Download or read book Water and Ritual written by Lisa J. Lucero and published by University of Texas Press. This book was released on 2009-07-21 with total page 271 pages. Available in PDF, EPUB and Kindle. Book excerpt: In the southern Maya lowlands, rainfall provided the primary and, in some areas, the only source of water for people and crops. Classic Maya kings sponsored elaborate public rituals that affirmed their close ties to the supernatural world and their ability to intercede with deities and ancestors to ensure an adequate amount of rain, which was then stored to provide water during the four-to-five-month dry season. As long as the rains came, Maya kings supplied their subjects with water and exacted tribute in labor and goods in return. But when the rains failed at the end of the Classic period (AD 850-950), the Maya rulers lost both their claim to supernatural power and their temporal authority. Maya commoners continued to supplicate gods and ancestors for rain in household rituals, but they stopped paying tribute to rulers whom the gods had forsaken. In this paradigm-shifting book, Lisa Lucero investigates the central role of water and ritual in the rise, dominance, and fall of Classic Maya rulers.
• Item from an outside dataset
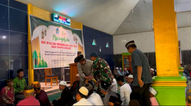 Dansatgas Yonif 641/Bru Letkol Inf Aprianda S.H., M.Sc., beserta personel Pos Kotis Walesi menghadiri acara memperingati Isra Mi’raj Nabi Muhammad Saw 1446 Hijriyah yang bertema ‘’Melalui Peringatan Isra Mi’raj Nabi Muhammad SAW, Bersama Kita Eratkan Ukhuwah Islamiah Dan Peningkatan Ibadah Serta Pelayanan Kepada Umat.’’
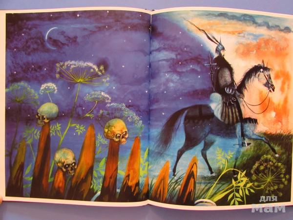 В ней ведьмина избушка огорожена частоколом из черепов со светящимися глазницами, а по дремучему лесу скачут ведьмины слуги: белый, красный и черный всадники.

She documents commoner, elite, and royal ritual histories in the southern Maya lowlands from the Late Preclassic through the Terminal Classic periods to show how elites and rulers gained political power through the public replication and elaboration of household-level rituals. At the same time, Lucero demonstrates that political power rested equally on material conditions that the Maya rulers could only partially control. Offering a new, more nuanced understanding of these dual bases of power, Lucero makes a compelling case for spiritual and material factors intermingling in the development and demise of Maya political complexity.

Book Mesoamerican Archaeology

Download or read book Mesoamerican Archaeology written by Lisa Overholtzer and published by John Wiley & Sons. This book was released on 2021-02-22 with total page 432 pages. Available in PDF, EPUB and Kindle. Book excerpt: A unique and wide-ranging introduction to the major prehispanic and colonial societies of Mexico and Central America, featuring new and revised material throughout Mesoamerican Archaeology: Theory and Practice, Second Edition, provides readers with a diverse and well-balanced view of the archaeology of the indigenous societies of Mexico and Central America, helping students better understand key concepts and engage with contemporary debates and issues within the field. The fully updated second edition incorporates contemporary research that reflects new approaches and trends in Mesoamerican archaeology. New and revised chapters from first-time and returning authors cover the archaeology of Mesoamerican cultural history, from the early Gulf Coast Olmec, to the Classic and Postclassic Maya, to the cultures of Oaxaca and Central Mexico before and after colonization. Presenting a wide range of approaches that illustrate political, socio-economic, and symbolic interpretations, this textbook: Encourages students to consider diverse ways of thinking about Mesoamerica: as a linguistic area, as a geographic region, and as a network of communities of practice Represents a wide spectrum of perspectives and approaches to Mesoamerican archaeology, including coverage of the Postclassic and Colonial periods Enables readers to think critically about how explanations of the past are produced, verified, and debated Includes accessible introductory material to ensure that students and non-specialists understand the chronological and geographic frameworks of the Mesoamerican tradition Discusses recent developments in the contemporary theory and practice of Mesoamerican archaeology Presents new and original research by a team of internationally recognized contributors Mesoamerican Archaeology: Theory and Practice, Second Edition, is ideal for use in undergraduate courses on the archaeology of Mexico and Central America, as well as for broader courses on the archaeology of the Americas.